|Sauer, Thomas - Tom|
Submitted to: Karst Water Environment Symposium
Publication Type: Proceedings
Publication Acceptance Date: 2/27/1999
Publication Date: N/A
Interpretive Summary: Karst is the term used to describe regions where the bedrock has large openings including caves and springs that formed when the carbonate rock dissolved and washed away. It is common, in areas with more uniform geology, for computer models of water and contaminant flow processes to predict these processes reasonably well. It is very difficult to develop accurate computer models for karst systems due to the random nature of the bedrock. This paper describes research conducted at the Savoy Experimental Watershed where the focus is to improve understanding of water flow in karst environments. Numerous studies are underway to measure the existing water quality and the geologic, hydrologic, and soil resources of this area. The emphasis of the modeling work is on testing theories and developing ideas on how water flows in the bedrock of this watershed. These models are seen as very valuable because they can be used to not only describe processes in this watershed but allow for comparisons with other watersheds. Models that predict behavior are much more difficult to develop and test because it is not possible to accurately describe all of the underground flow paths.
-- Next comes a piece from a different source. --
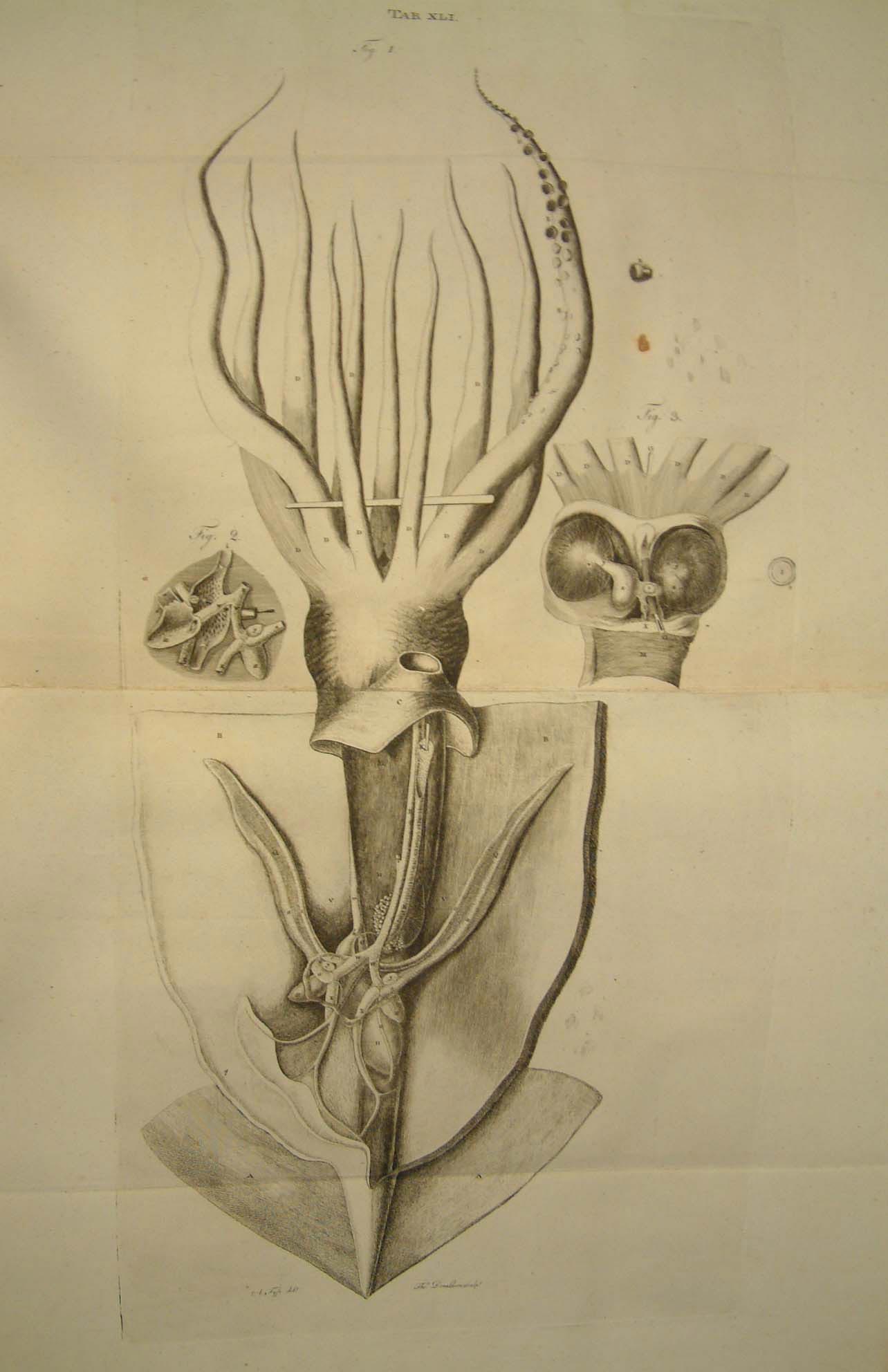 As a good anatomist, Secundus did not restrict his teaching and learning to the human body alone. The Structure and Physiology of Fishes (right) is a stunning text with many illustrations in fine detail. The specimen on display is a cuttlefish.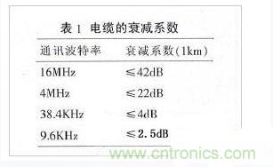 導線的電阻對信號的影響很小,可以忽略不計。電纜的分布電容C主要是由雙絞線的兩條平行導線產生。信號的損失主要是由于電纜的分布電容和分布電感組成的LC低通濾波器。通訊波特率越高,信號衰減也會越大。常規電纜的衰減系數見表1。

Technical Abstract: Karst hydrogeology does not lend itself to easy interpretation, and many well-respected researchers hold little hope of developing numerical tools and models that will be able to accurately predict ground-water flow and transport in karst aquifers at less than regional scales (from kilometers to tens of kilometers). Unfortunately, most of the ground- water problems faced today are at much smaller, site-specific scales - typically on the order of meters to tens of meters. This paper describes the results of a multidisciplinary, long-term effort to fully characterize the Savoy Experimental Watershed, a 1250-hectare University of Arkansas research property typical of the shallow karst basins in the southern Ozarks of Northwest Arkansas and the midcontinent of North America. Important objectives of the preliminary collaboration were to establish baseline water quality, to fully characterize the hydrology, the geology, and the soils, and to quantify each identifiable component of the hydrologic cycle at site-specific field scales for the complete range of hydrologic conditions encountered. Emphasis is on process assessment and hypothesis testing models. Models of this sort can be valuable tools in extending our understanding of observed hydrologic behavior elsewhere. Predictive models are still viewed with utmost caution, however, because most flow boundaries and flow paths in karst aquifers are not accessible, and one single undefined boundary or flow path can render model calculations meaningless at site-specific scales.